Honestly, right now, I wouldnt. and i dont think i ever would. i get too starstruck easily and have way too much respect and awe for the celebrities i like. i honestly do think of them as higher beings than me (not gods but like, ya know, out of my league lmao) so nah. now if we become friends and theyre a cuddler? then yes i will SLEEP next to them. SLEEP.
95: You just got a free plane ticket to anywhere. You have to depart right now. Where are you gonna go?
i have that crazy urge to travel like a crazy person rn, so if i only had one free plane ticket, i’d go somewhere i otherwise couldnt right now, like italy. i really want to go to italy one day.

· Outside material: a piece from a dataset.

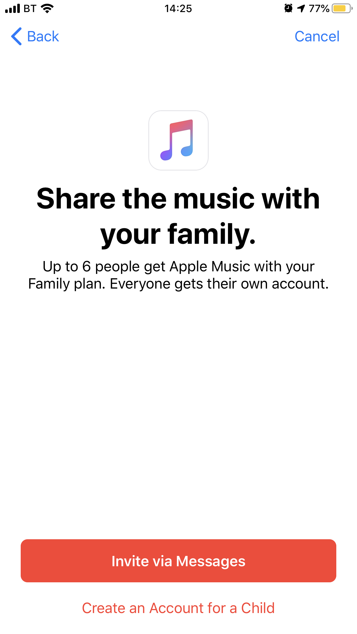 I have just upgraded my Apple Music to a family plan. The option to ‘set up family sharing’ has now appeard within my settings however when I click on it - it lets me click on ‘get started’, then ‘Apple music’. However when I then click on ‘invite via messages’, nothing happens. See photo for screenshot of the page I get upto.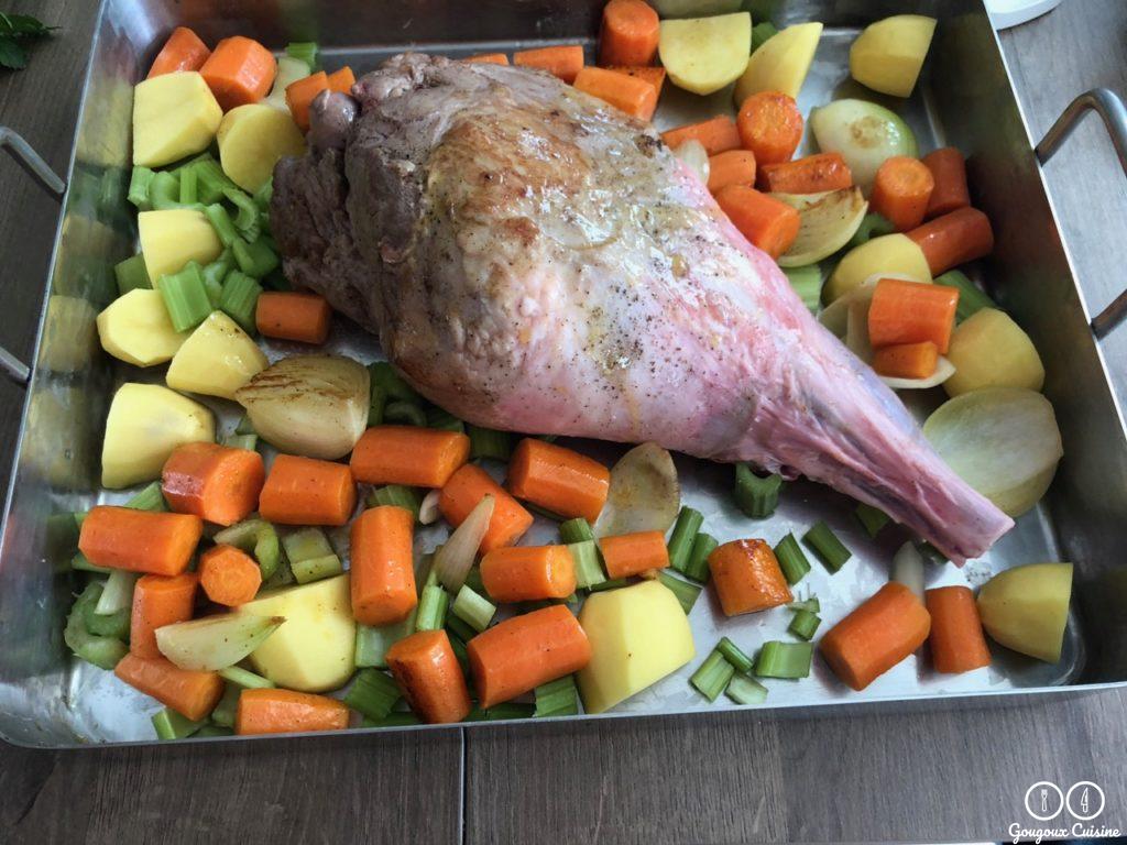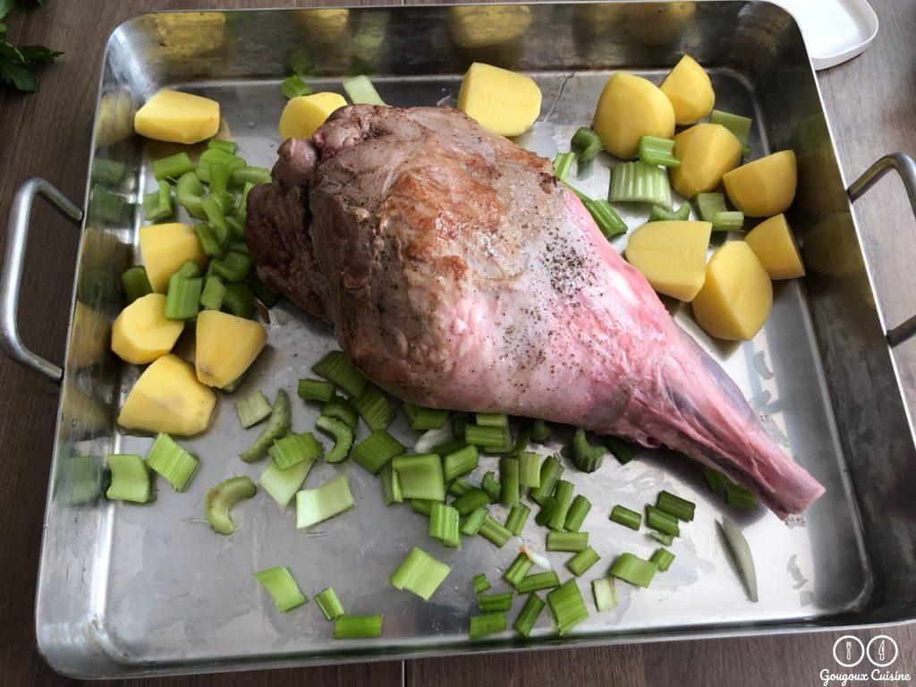 Mettre les pommes de terre et céleri avec le gigot.

96: Do you have any relatives in jail?
not that im aware of, but who knows
97: Have you ever thrown up in the car?
...actually yes! I was severely dehydrated once and my mom had me drink 3 bottles of water back to back. then we got in the car and as she started driving, i got sick, so she pulled over and i sat there getting ready to vomit when a cop pulled over and was like “hey, you okay?” and my mom just explained i was sick, and as he walked over to look at me thats when i threw up ALLLLL that water. he stepped back so quick and was all like “do you want me to call an ambulance?”. it was great. thats how you get rid of cops. throw up in front of them (sarcasm)
98: Ever been on a plane?
Yup! ive flown to new hampshire and kansas before.
99: If the whole world were listening to you right now, what would you say?
probably some long ass rant about how fucked up the world is and how we need to turn around our governments and get them to work back for the people, not for fucking corporations and capitalism, or the capitalistic aspects of socialism.